We so often associate this story of the wise men from the East with Christmas pageants, with three youth wearing crowns and dressed in bright, shiny strips of cloth. Of course, true to the biblical story they each carry a gift – creative replicas of gold (which, according to tradition, represents Jesus’ royalty), frankincense (an incense used in religious services and so symbolic of Jesus’ divine nature), and myrrh (a fragrance used in burial rituals and so thought to represent Jesus’ mortality). In Christmas pageants, the three wise people walk down the aisle with lots of pomp and circumstance, kneel in front of the baby Jesus, and then leave amid smiles and good feelings. It’s all fitting for a Christmas pageant. But it’s not an entirely accurate portrayal.

If we take a closer look at the second chapter of Matthew, we see that: (1) nowhere does Matthew tell us that there are three people who come from the East (we assume that there were three people because Matthew tells us of three gifts), (2)  nowhere in the biblical translation that we read does Matthew say that these three wise people from the East are kings (scholars have suggested that these men may be astrologers, or Gentiles influenced by Jews who remained in the East after the Babylonian exile[1], or even Zoroastrian priests – after all, Zoroastrianism is one of the world’s oldest religions and has its origins in Iran)[2], (3) nowhere does Matthew say that Jesus was still an infant when the magi arrived (the fact that Herod later issues the command to kill all babies two years of age and under means that Jesus could have been as old as two when the magi arrived, and Matthew speaks of them arriving at the house where Jesus was and not a stable), and (4) nowhere does Matthew speak of the Magi’s journey as peaceful or

Instead, we see a story full of risk, darkness, greed, and ultimately infanticide – all things that would be absolutely inappropriate to act out in a Christmas pageant, all things that stem from fear.
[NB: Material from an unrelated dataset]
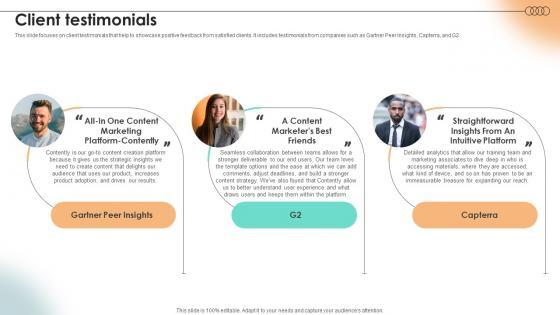 This slide focuses on client testimonials that help to showcase positive feedback from satisfied clients. It includes testimonials from companies such as Gartner Peer Insights, Capterra, and G2. Create an editable Client Testimonials Content Marketing Platform Investor Funding Elevator Pitch Deck that communicates your idea and engages your audience. Whether you are presenting a business or an educational presentation, pre-designed presentation templates help save time. Client Testimonials Content Marketing Platform Investor Funding Elevator Pitch Deck is highly customizable and very easy to edit, covering many different styles from creative to business presentations. Slidegeeks has creative team members who have crafted amazing templates. So, go and get them without any delay. This slide focuses on client testimonials that help to showcase positive feedback from satisfied clients. It includes testimonials from companies such as Gartner Peer Insights, Capterra, and G2.

Fear of what?

Well, east is the direction from which many of Israel’s conquerors have come – Assyria, Babylon, and Persia. And so it’s been suggested that, perhaps, uninvited strangers from the East brought up memories of oppression and exile and that this caused fear in Herod and the people. But that wouldn’t have to be the case. That people of prominence might come from the East and bow in the presence of a babe born in Bethlehem could actually have been seen as a great reversal of the past, and that these people would come and bring gifts with them could have been seen as the fulfillment of the prophecy in today’s passage from Isaiah – “nations shall come to your light,” “the wealth of the nations shall come to you,” and “they shall bring gold and frankincense.” The people of Israel could have celebrated this reversal of power and the fulfillment of Isaiah’s prophesy, but that is not what happens.

Before going to see the new king that has been born, the wise men must get some information from the religious establishment of Israel. After all, the visitors from the East know the timing of the birth of the king of the Jews, but it’s the chief priests and scribes – those who hold the tradition and scripture of Israel – who know the place where the Messiah is born. When the wise men ask, “Where is the child who has been born king of the Jews?” Matthew tells us that King Herod “and all of Jerusalem with him” were frightened. It’s not the visitors from the East that scared them; they were frightened by this child born in Bethlehem. And it wasn’t just Herod who was scared; it was the whole town – all the people. Why?

Well, the wise men seek Christ, but it’s been said that “the one thing the powerful seek more than anything else is to remain in power.”[3] With the arrival of the magi searching for the Christ child, Herod knows that the world is changing. Power is shifting. Biblical scholar Walter Brueggemann writes that the wise men went to Jerusalem, the logical place to look for the king of the Jews. They only missed the location of the Christ child by nine miles, but the difference might have seemed more like a thousand. It was the difference between finding God in the powerful halls of the palace in Jerusalem and finding God in a smelly, animal-filled stable in Bethlehem. In choosing to be born in Bethlehem, Brueggemann writes, God reveals that kingdom of God “is not about security and prosperity but about vulnerability, neighborliness, generosity, a modest future with spears turned into pruning hooks and swords into plowshares.”[4] Yes, with the arrival of the kingdom of God, power is shifting. The whole definition of power is shifting. That is sure to scare King Herod; after all, he has cast his lot with the Roman Empire. It is also sure to scare other people in Jerusalem who have aligned themselves politically with the coercive power of Rome.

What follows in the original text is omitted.